I was able to get this working but it was far less straightforward than the documentation would indicate.

Prometheus was not picking up the additional scrape config as I had it originally installed, which was via helm from the community charts. It seems as though not every install of prometheus supports the additional scrape configs.

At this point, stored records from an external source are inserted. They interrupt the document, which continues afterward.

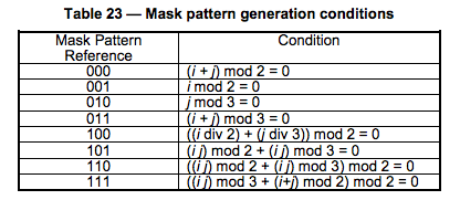 这样下来,我们的图就填好了,但是,也许那些点并不均衡,如果出现大面积的空白或黑块,会告诉我们扫描识别的困难。所以,我们还要做Masking操作(靠,还嫌不复杂)QR的Spec中说了,QR有8个Mask你可以使用,如下所示:其中,各个mask的公式在各个图下面。所谓mask,说白了,就是和上面生成的图做XOR操作。Mask只会和数据区进行XOR,不会影响功能区。(注:选择一个合适的Mask也是有算法的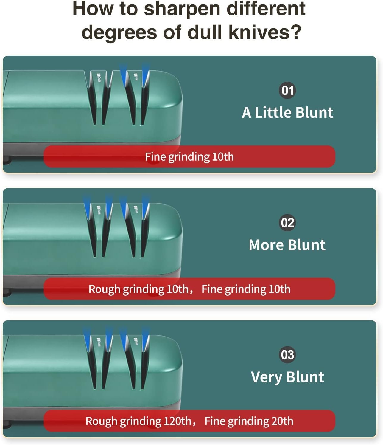 Quick and Simple Sharpening: Obliquely insert the dull knife and closely touch the outside wall, and then pull it from outside to inside to sharpen. You will enjoy sharpness like new after 30 seconds.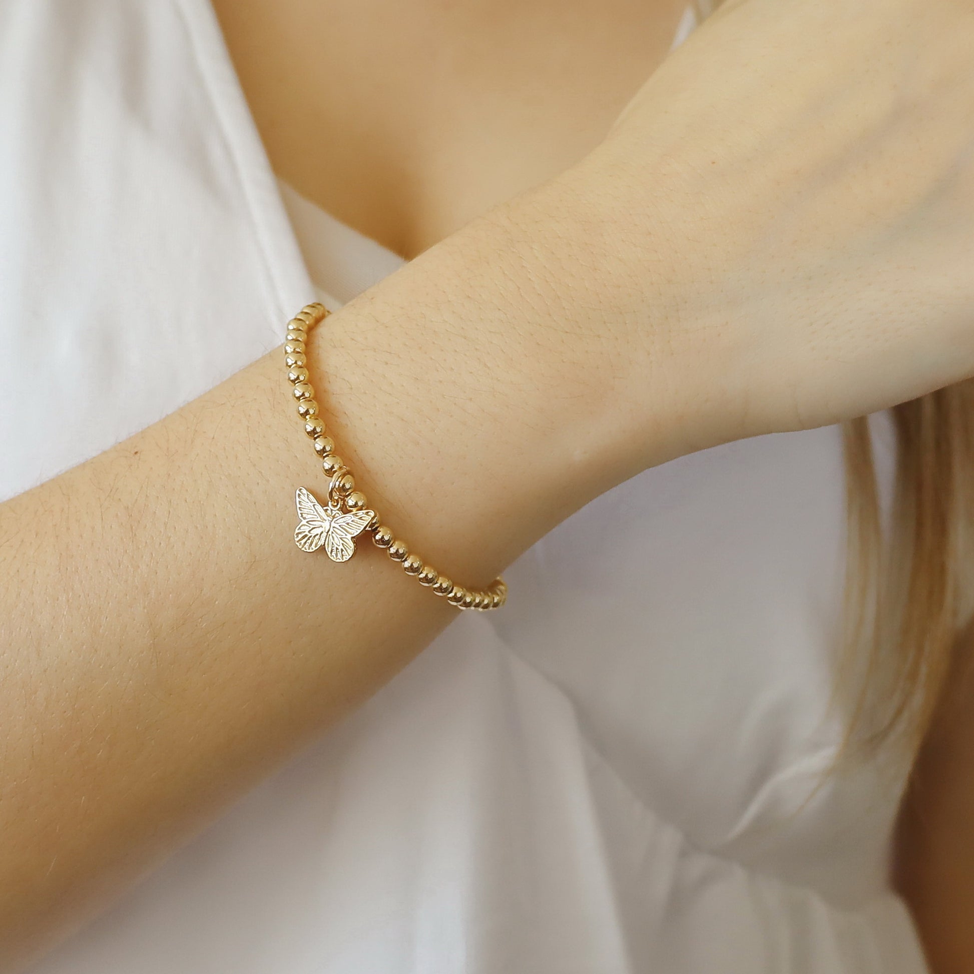 14K Gold Filled Butterfly Beaded Bracelet • B320

What I had to do was install from bitnami using the following: helm install prometheus bitnami/kube-prometheus --set node-exporter.nodeSelector."kubernetes\\.io/os"=linux --set operator.nodeSelector."kubernetes\\.io/os"=linux --set operator.nodeSelector."kubernetes\\.io/arch"=amd64 --set prometheus.nodeSelector."kubernetes\\.io/os"=linux --set prometheus.nodeSelector."kubernetes\\.io/arch"=amd64 --set alertmanager.nodeSelector."kubernetes\\.io/os"=linux --set alertmanager.nodeSelector."kubernetes\\.io/arch"=amd64 -f /tmp/values.yaml

and that values.yaml file:

prometheus:
  additionalScrapeConfigs:
    enabled: true
    type: external
    external:
      name: kube-prometheus-stack-prometheus-scrape-confg
      key: additional-scrape-configs.yaml

Once that was in place prometheus picked it up and registered the metrics from the windows node.

I'm now dealing with an issue where additional nodes that are created in the same scale set do not seem to get the windows exporter installed. They get registered with prometheus but prometheus can't talk to them on port 9100 because windows exporter did not get installed. This should happen on it's own, shouldn't it?